== Given data ==
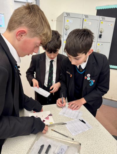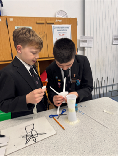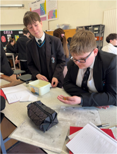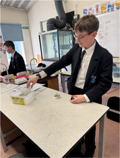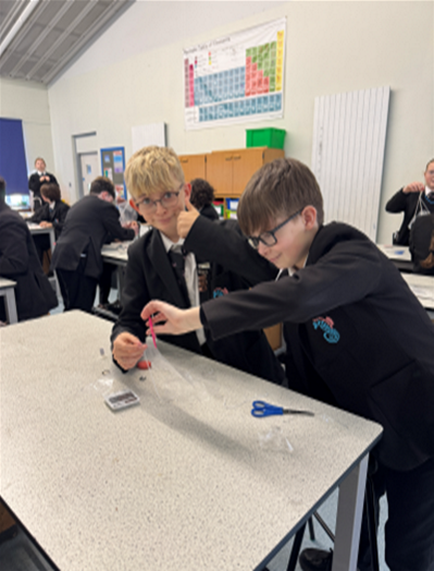 Our Year 7 students explored four exciting challenges. They designed wind turbines to test which blades spin the fastest, investigated parachute shapes to see which falls the slowest, built water filters to explore how clean drinking water could be produced for space missions, and carried out a crime scene investigation to identify unknown substances using forensic techniques.
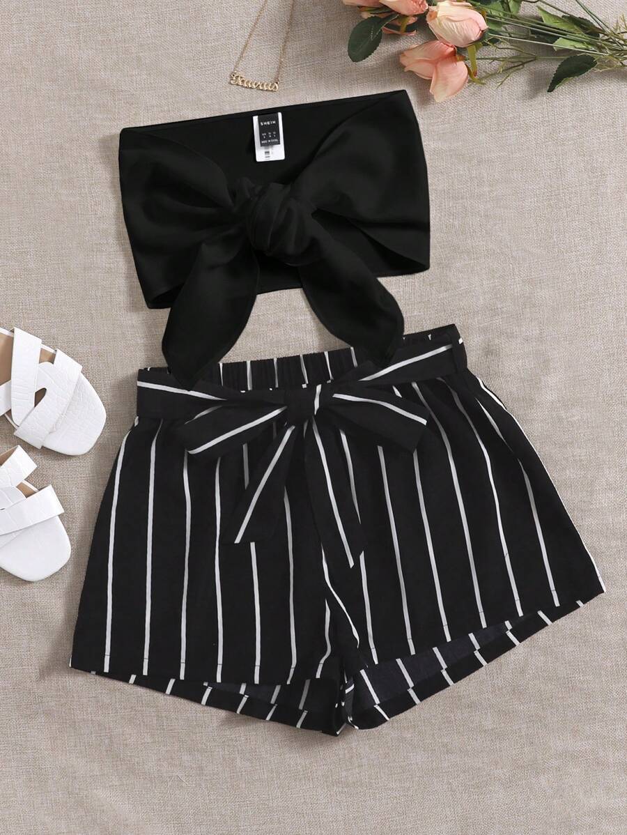 Soleia Women's Front Tie Strapless Top And Striped Woven Shorts Set
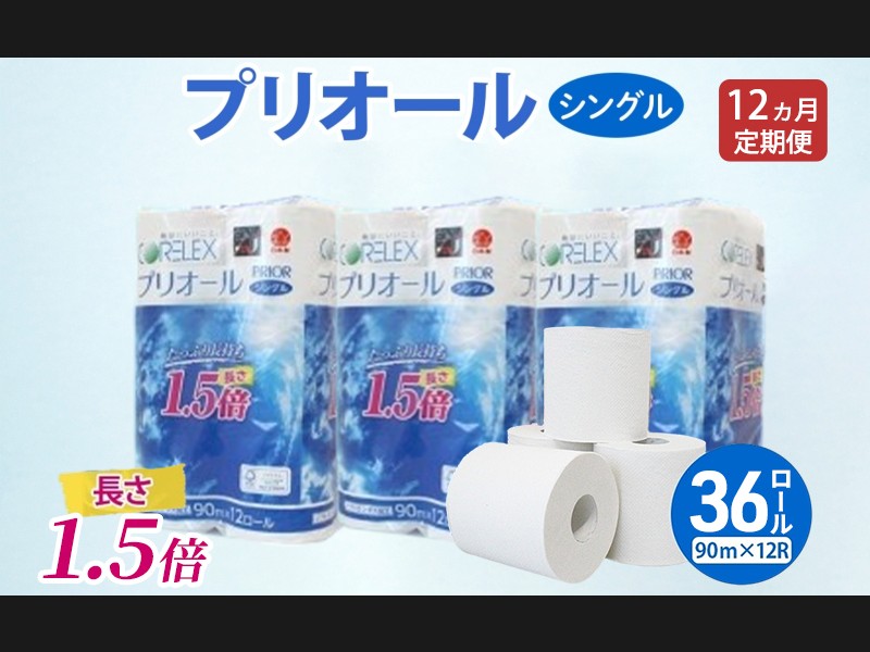 定期便 全12回 プリオール・ピコ トイレット ペーパー 1.5倍巻き シングル...

== Aim of the task ==
When you retype the material above, keep every word exact and drop the images.

== Result for this exercise ==
 Our Year 7 students explored four exciting challenges. They designed wind turbines to test which blades spin the fastest, investigated parachute shapes to see which falls the slowest, built water filters to explore how clean drinking water could be produced for space missions, and carried out a crime scene investigation to identify unknown substances using forensic techniques.
 Soleia Women's Front Tie Strapless Top And Striped Woven Shorts Set
 定期便 全12回 プリオール・ピコ トイレット ペーパー 1.5倍巻き シングル...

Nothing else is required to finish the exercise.